Ils sollicitent ainsi le paiement de la différence entre 701 223,02 euros (750 000 ' 48 776,98) et le prix de vente perçu de 680 000 euros soit une somme de 21 223,02 euros.
Or d’une part, il est constant que la réparation d’une perte de chance doit être mesurée à la chance perdue et ne peut pas être égale à l’avantage qu’aurait procuré cette chance si elle s’était réalisée, d’autre part le calcul effectué par les époux X omet les honoraires de la société Cristi qu’ils auraient réglés dans l’hypothèse où l’offre des époux Z aurait été transmise et acceptée par les vendeurs.

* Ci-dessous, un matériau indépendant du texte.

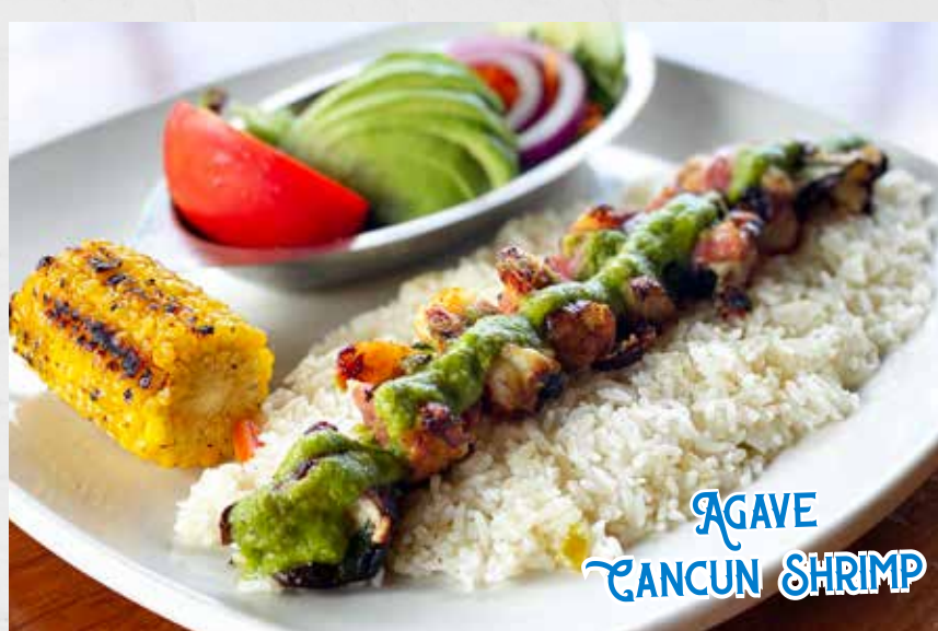
AGAVE CANCUN SHRIMP
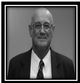
Table Tennis Australia is positioned well to take advantage of the opportunities which present themselves in 2014 and beyond. In saying that, the board has decided to conduct a review of the organisation in 2014 to maximise the return to the members. The guidelines include a review of the staffing structure and the cost effectiveness of programmes.

I have been personally involved in developing a relationship with the Asian community and particularly the Chinese table tennis community in China. I have been successful with a sponsorship deal worth $100,000.00 for tables and equipment for TTA and spent time in China getting to know many of the administrators running Chinese table tennis in the city's and provinces.
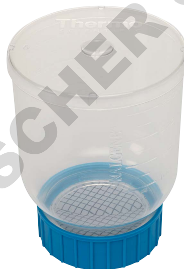
Thermo Scientific™ Nalgene™ Analytical Filter Funnel

Filtration is a common practice in water quality and/or food and beverage testing. The critical considerations when establishing a filtration protocol are flow rate of the liquid tested and microbial recovery rate.
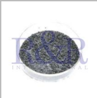
Protection Equipment Activated Carbon Granules
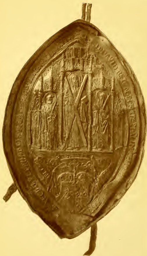
No. 139. CARDINAL DAVID BEATON, A.D. 1545.
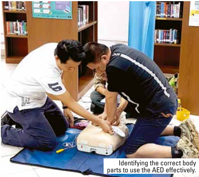
Identifying the correct body parts to use the AED effectively.
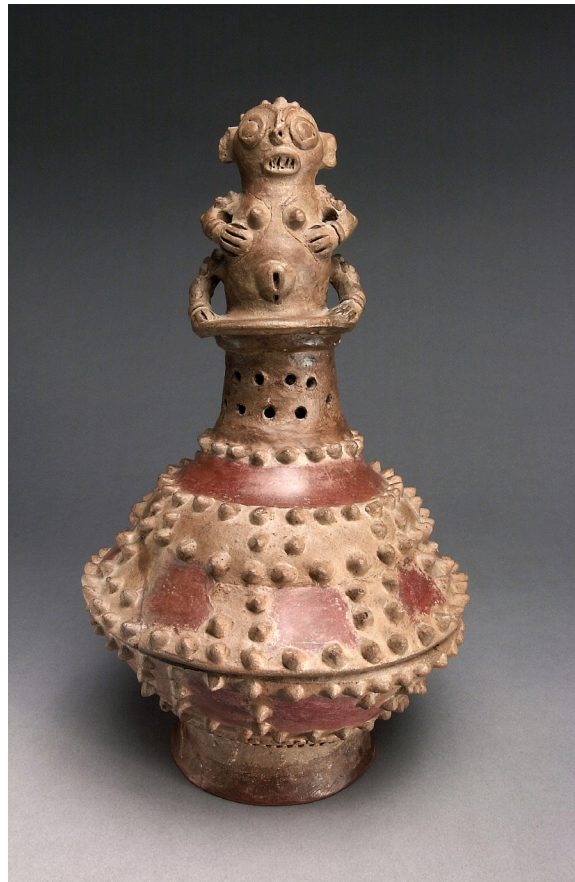
Figure 9: Potosí censer applique banding with vertical clusters. Lidded Incense Burner with Female Figure, AD 500-800 Greater Nicoya, Nicaragua, Costa Rica Denver Art Museum Collection: Gift of Frederick and Jan Mayer, 1995.699A-B

vessels seen in many collections I have reviewed. Important to note, Figure 4 contains an incised ‘x’ on the upper region of applique pellets though it does not penetrate through the vessel to create a vent. It is possible that specific vessels with the cross and/or ‘x’ held higher power when combined with other censers. I have discussed elsewhere (see Dennett and Platz [2017b]) the symbolic relationship to the creator couple concepts from the broader Zapotec religious cult. I hypothesize that this concept may have been drawn upon during ritual ceremonies using the censers to increase the power of the ritual and perhaps the combination of incense used.
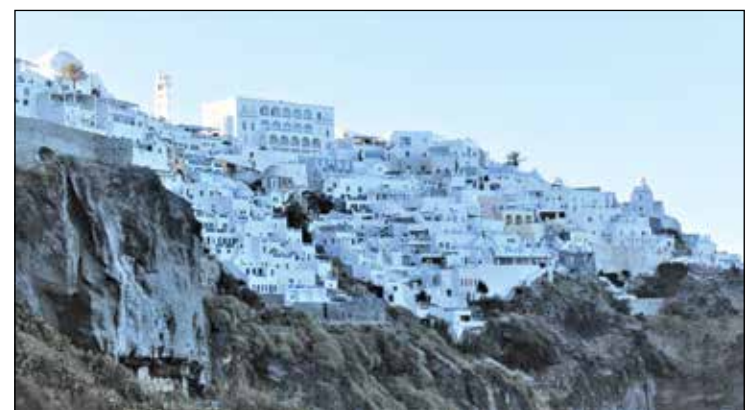
The climb up to Fira can be arduous for one's patience, legs and nose, but a worthy must when visiting Santorini.

Whoever said "getting there is half the fun" never went to the Taj Mahal or Greece's most picturesque, dramatic and tourism-dependent island. India isn't on the Mediterranean, so we'll leave the ghastly drive from New Delhi to Agra for another story. As for Santorini, there's no getting around a tender ride and a 400-meter climb up the cliffs of a caldera to reach Fira, a pretty town in itself, but not as picturesque as Oia a half-hour cab or bus ride northwest. Almost every shore excursion begins in Fira. Your
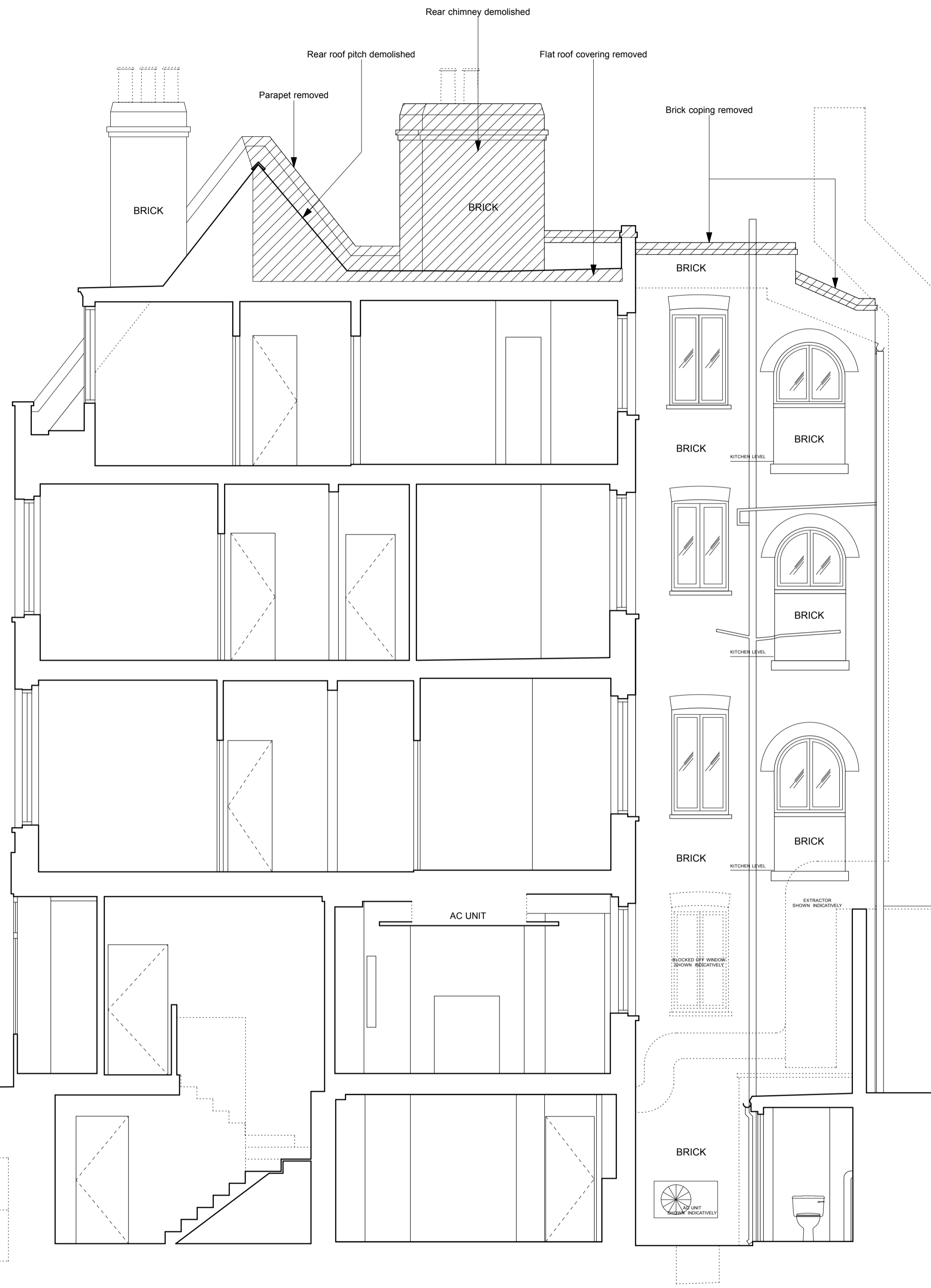
01/P07 Existing Section
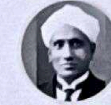
Sir. C.V. Raman Nobel Laureate & Alumnus
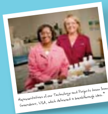
Representatives of our Technology and Support team from Greenduro, USA, which delivered a breakthrough idea.*

"Now I can be confident that I won't lose my crop to resistant weeds."
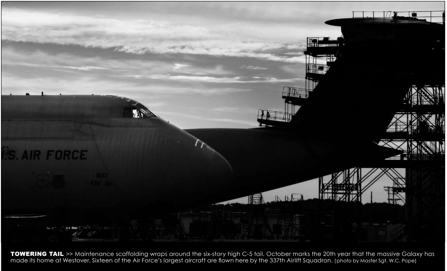
TOWERING TAIL >> Maintenance scaffolding wraps around the six-story high C-5 tail. October marks the 20th year that the massive Galaxy has made its home at Westover. Sixteen of the Air Force's largest aircraft are flown here by the 337th Airlift Squadron.
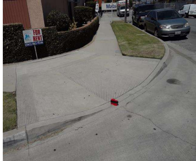
Curb Ramp , Landings and Transitions : Top Landing Clear Length - Landings

Code Reference ADA 406, 406.4, CA 11B-406.5.3
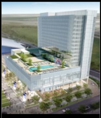
panels property that is scheduled to open this July in Frisco,
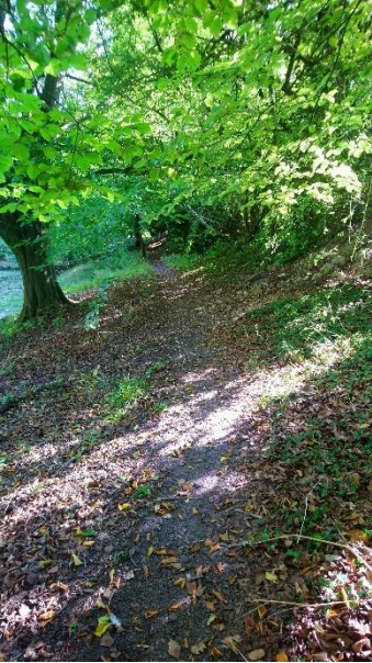
Sept 2020 camber of path

En retenant une perte de chance de 80%, compte tenu des incertitudes liées à l’acceptation par les vendeurs du montant proposé et de la réalisation des conditions suspensives en cas de signature d’un compromis de vente, le préjudice s’établit à la somme de 16 978,41 euros de sorte qu’il est totalement absorbé par le montant des honoraires de l’agent immobilier représentant 29 000 euros, étant précisé que pour le calcul de ces derniers, le mandat de vente ne fait référence à aucun pourcentage du prix de vente.
Par substitution de motifs, le jugement qui a rejeté la demande reconventionnelle des époux X sera confirmé.
Sur les demandes accessoires
Une action en justice ainsi que la défense à une action, ne peuvent sauf circonstances particulières qu’il appartient au juge de spécifier, constituer un abus de droit lorsque sa légitimité a été reconnue par la juridiction du premier degré.
Ainsi, alors que les époux X succombent en leurs prétentions, la demande indemnitaire qu’ils forment pour procédure abusive ne peut qu’être rejetée.
L’équité ne commande pas de faire application, en cause d’appel, des dispositions de l’article 700 du code de procédure civile.
Les époux X qui succombent en leur appel sont tenus aux dépens.
PAR CES MOTIFS
La Cour, statuant publiquement et contradictoirement,
Confirme le jugement déféré en toutes ses dispositions,
Y ajoutant,
Déboute les époux X de leur demande indemnitaire pour procédure abusive,
Rejette les demandes fondées sur les dispositions de l’article 700 du code de procédure civile devant la cour,
Condamne les époux X aux dépens exposés en appel dont distraction au profit de Me Verron avocat.
Ainsi prononcé publiquement le 01 juin 2021 par mise à disposition de l’arrêt au greffe de la Cour, les parties en ayant été préalablement avisées dans les conditions prévues au deuxième alinéa de l’article 450 du code de procédure civile, et signé par Michel FICAGNA, Président et Sylvie LAVAL, Greffier.